For package download and online documentation please see: BayesPI-BAR3 GitHub Page
The Python package contains the following pipeline tasks, and to run a task type: bpb3 task [args]
differential_expression: Predict differentialy expressed genes (DEG) based on two group of samples.
gene_regions: Extracts regions near transcription start sites of selected genes based on genCode gtf.
mussd: Mutation filtering based on the Space and Sample Distribution - MuSSD.
highly_mutated_blocks: Find blocks with significantly more mutations than would be expected.
bayespi_bar: BayesPI-BAR delta-dbA ranking computation for TF binding affinity affected by DNA mutation.
choose_background_parameters: Selects parameters for mutation background computation.
affinity_change_significance_test: Significant test of TF binding affinity changes between foreground and background affinity changes.
parallel: Run commands from the given file in parallel.
make_cluster4pwm: Make input PWM files for bpb3 based on clustered PWMs.
bpb3selectedPWM: The second level analysis of bpb3 by using the top PWMs in TF ranking after the first level analysis of bpb3 based on the clustered PWMs.
run_pipeline: Run full bpb3 pipeline (e.g., the first level analysis of bpb3 if clustered PWMs are used in the calculation).
clean_tmp: Clean temporary files from output folders.
References:
Wang, J.B. and K. Batmanov, BayesPI-BAR: a new biophysical model for characterization of
regulatory sequence variations. Nucleic Acids Research, 2015. 43(21).

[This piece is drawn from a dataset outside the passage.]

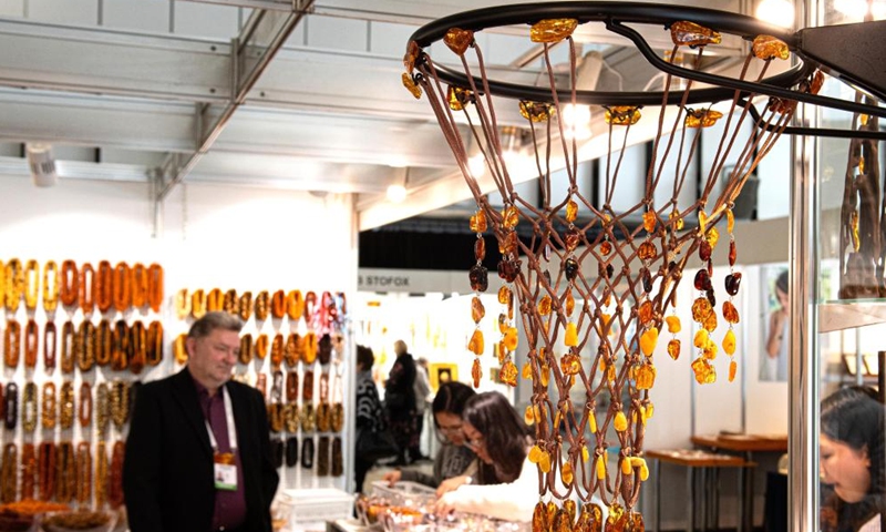 Visitors look at amber products on the International Baltic Jewelry Show in Vilnius, Lithuania, March 17, 2023. The 19th International Baltic Jewelry Show titled Amber Trip was held from March 15 to 18 in Vilnius. (Photo:Xinhua)
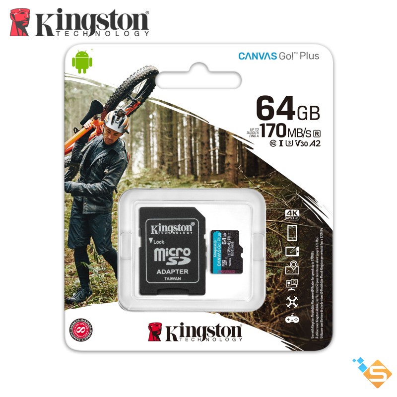 Canvas Go! của Kingston Thẻ microSD Plus dành cho những người yêu thích phiêu lưu luôn theo đuổi khoảnh khắc hoàn hảo nhất để ghi lại. Với tốc độ truyền vượt trội lên đến 170MB/giây1, thẻ Canvas Go! Thẻ microSD Plus tăng tốc lưu trình làm việc và hiệu suất để bạn có nhiều thời gian hơn cho việc sáng tạo trong chuyến phiêu lưu tiếp theo. Với hiệu năng tốc độ U3 và V30, bạn có thể quay video 4K Ultra HD ấn tượng mà không phải lo lắng về tốc độ chậm và rớt khung hình hoặc chụp những bức ảnh hành động nhanh liền mạch và nhất quán. Canvas Go! Thẻ microSD Plus hỗ trợ A2 Application Performance Class để ttăng tốc độ làm việc của bạn với hiệu năng ứng dụng nhanh hơn trên điện thoại thông minh và máy tính bảng. Có bộ chuyển đổi SD tùy chọn để tăng thêm tính linh hoạt khi sử dụng với các thiết bị tương thích với SD. Hãy xem thế giới như khung tranh của bạn và mang theo sự sáng tạo và cảm hứng trên đường đi với Canvas Go! Thẻ microSD Plus

Batmanov, K., J. Delabie, and J. Wang, BayesPI-BAR2: A New Python Package for Predicting
Functional Non-coding Mutations in Cancer Patient Cohorts. Front Genet, 2019. 10:
p. 282.
Farooq, A., et al., HMST-Seq-Analyzer: A new python tool for differential methylation and
hydroxymethylation analysis in various DNA methylation sequencing data.
Computational and structural biotechnology journal, 2020. 18: p. 2877-2889.
Farooq, A., et al., Integrating whole genome sequencing, methylation, gene expression,
topological associated domain information in regulatory mutation prediction: A study
of follicular lymphoma. Comput Struct Biotechnol J, 2022. 20: p. 1726-1742.
Yang, M., et al., Identifying functional regulatory mutation blocks by integrating genome
sequencing and transcriptome data. iScience, 2023. 26(8): p. 107266.